*ASSIGNMENT*. Give the listing again character for character, but drop the images.

===

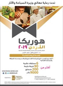 برعاية وزير السياحة والأثار تنطلق غدا -اعمال الملتقى والمعرض الدولي السادس للضيافة والصناعات الغذائية والتجهيزات الفندقية “هوريكا الأردن 2019” في الدوره السادسه – معرض عمان الدولي للسيارات في الفترة الواقعة 13-15 الجاري
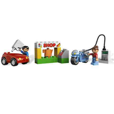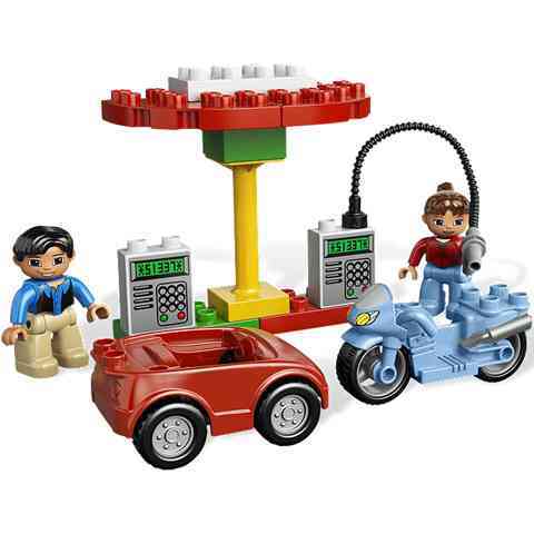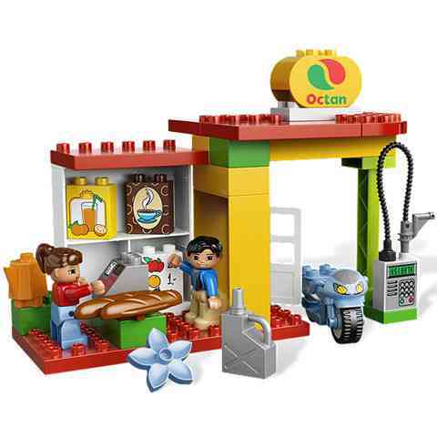 - A készlet része: 2 üzemanyagpumpa, olajos kanna, virágok, pénztárgép, pihenő wc-vel, Duplo elemek.
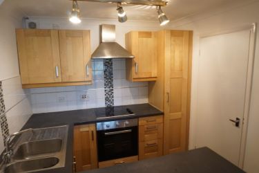 A large, bright kitchen with eye and base level store cupboard and roll edge work surfaces. New oven in recess, hob over with filter, power and light, plumbing for washing machine/dish washer and archway opening to the dining space.
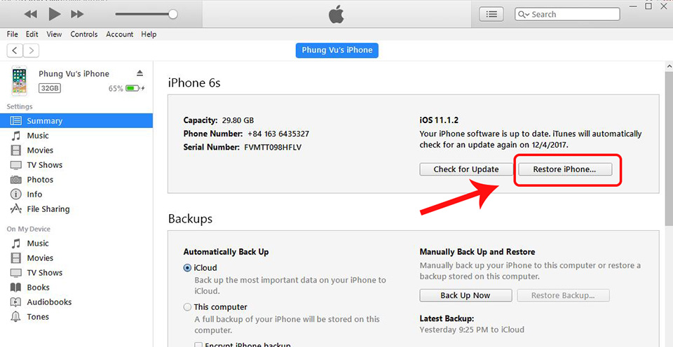 - Khôi phục lại iPhone bằng iTunes
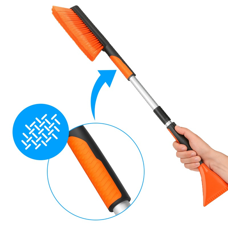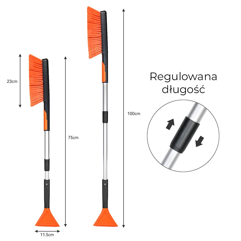 SZCZOTKA SKROBACZKA DO SAMOCHODU 2W1 TELESKOPOWA REGULOWANA ODYN CZARNO-POMARAŃCZOWA 75-110 CM
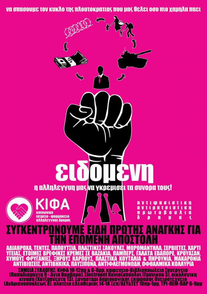 Το Κοινωνικό Ιατρείο Φαρμακείο Αλληλεγγύης Δράμας (ΚΙΦΑ) οργανώνει συχνές αποστολές αλληλεγγύης προς την Ειδομένη μεταφέροντας φάρμακα, είδη ρουχισμού και είδη πρώτης ανάγκης.
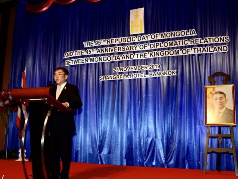 Бүгд Найрамдах Улс тунхагласны 95 жилийн ой болон Монгол Улс, Тайландын Хаант Улсын хооронд дипломат харилцаа тогтоосны 45 жилийн ойг тохиолдуулан тус улсаас Тайландын Хаант Улсад суугаа Элчин сайдын яам 2019 оны 11 дүгээр сарын 25-ны өдөр Бангкок хотын “Шангри-Ла” зочид буудалд хүндэтгэлийн хүлээн авалт зохион байгуулав.
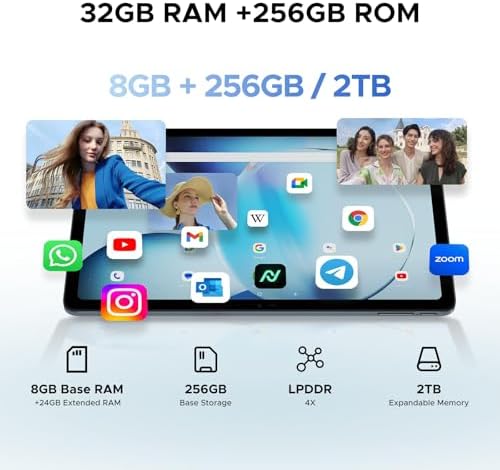 - 𝟑𝟐𝐆𝐁 𝐑𝐀𝐌 + 𝟐𝟓𝟔𝐆𝐁 𝐑𝐎𝐌/𝟐𝐓𝐁: DOOGEE T36 large android tablet packs 32GB of LPDDR4x memory (8GB physical + 24GB virtual), enabling effortless multitasking. doogee 12 inch tablet can handle multiple tasks running simultaneously without a hitch.Furthermore, tablet android features a 256GB high - speed storage capacity. With the option to expand DOOGEE T36 up to 2TB via a MicroSD/TF card, you'll have ample space to store all your favorite media, such as videos, photos, and more
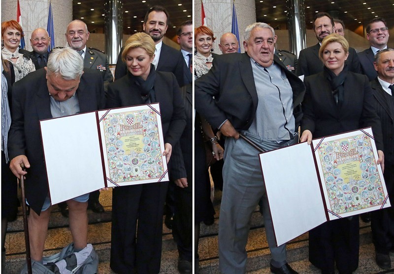 Панталонът на шефа на хърватския Хелзинкски комитет Иван Звонимир Чичак се изу, докато позираше до президентката Колинда Грабар-Китарович с наградата му по случай днешния световен Ден на човешките права, предаде Труд.

===

*RESPONSE AREA*.
 برعاية وزير السياحة والأثار تنطلق غدا -اعمال الملتقى والمعرض الدولي السادس للضيافة والصناعات الغذائية والتجهيزات الفندقية “هوريكا الأردن 2019” في الدوره السادسه – معرض عمان الدولي للسيارات في الفترة الواقعة 13-15 الجاري
 - A készlet része: 2 üzemanyagpumpa, olajos kanna, virágok, pénztárgép, pihenő wc-vel, Duplo elemek.
 A large, bright kitchen with eye and base level store cupboard and roll edge work surfaces. New oven in recess, hob over with filter, power and light, plumbing for washing machine/dish washer and archway opening to the dining space.
 - Khôi phục lại iPhone bằng iTunes
 SZCZOTKA SKROBACZKA DO SAMOCHODU 2W1 TELESKOPOWA REGULOWANA ODYN CZARNO-POMARAŃCZOWA 75-110 CM
 Το Κοινωνικό Ιατρείο Φαρμακείο Αλληλεγγύης Δράμας (ΚΙΦΑ) οργανώνει συχνές αποστολές αλληλεγγύης προς την Ειδομένη μεταφέροντας φάρμακα, είδη ρουχισμού και είδη πρώτης ανάγκης.
 Бүгд Найрамдах Улс тунхагласны 95 жилийн ой болон Монгол Улс, Тайландын Хаант Улсын хооронд дипломат харилцаа тогтоосны 45 жилийн ойг тохиолдуулан тус улсаас Тайландын Хаант Улсад суугаа Элчин сайдын яам 2019 оны 11 дүгээр сарын 25-ны өдөр Бангкок хотын “Шангри-Ла” зочид буудалд хүндэтгэлийн хүлээн авалт зохион байгуулав.
 - 𝟑𝟐𝐆𝐁 𝐑𝐀𝐌 + 𝟐𝟓𝟔𝐆𝐁 𝐑𝐎𝐌/𝟐𝐓𝐁: DOOGEE T36 large android tablet packs 32GB of LPDDR4x memory (8GB physical + 24GB virtual), enabling effortless multitasking. doogee 12 inch tablet can handle multiple tasks running simultaneously without a hitch.Furthermore, tablet android features a 256GB high - speed storage capacity. With the option to expand DOOGEE T36 up to 2TB via a MicroSD/TF card, you'll have ample space to store all your favorite media, such as videos, photos, and more
 Панталонът на шефа на хърватския Хелзинкски комитет Иван Звонимир Чичак се изу, докато позираше до президентката Колинда Грабар-Китарович с наградата му по случай днешния световен Ден на човешките права, предаде Труд.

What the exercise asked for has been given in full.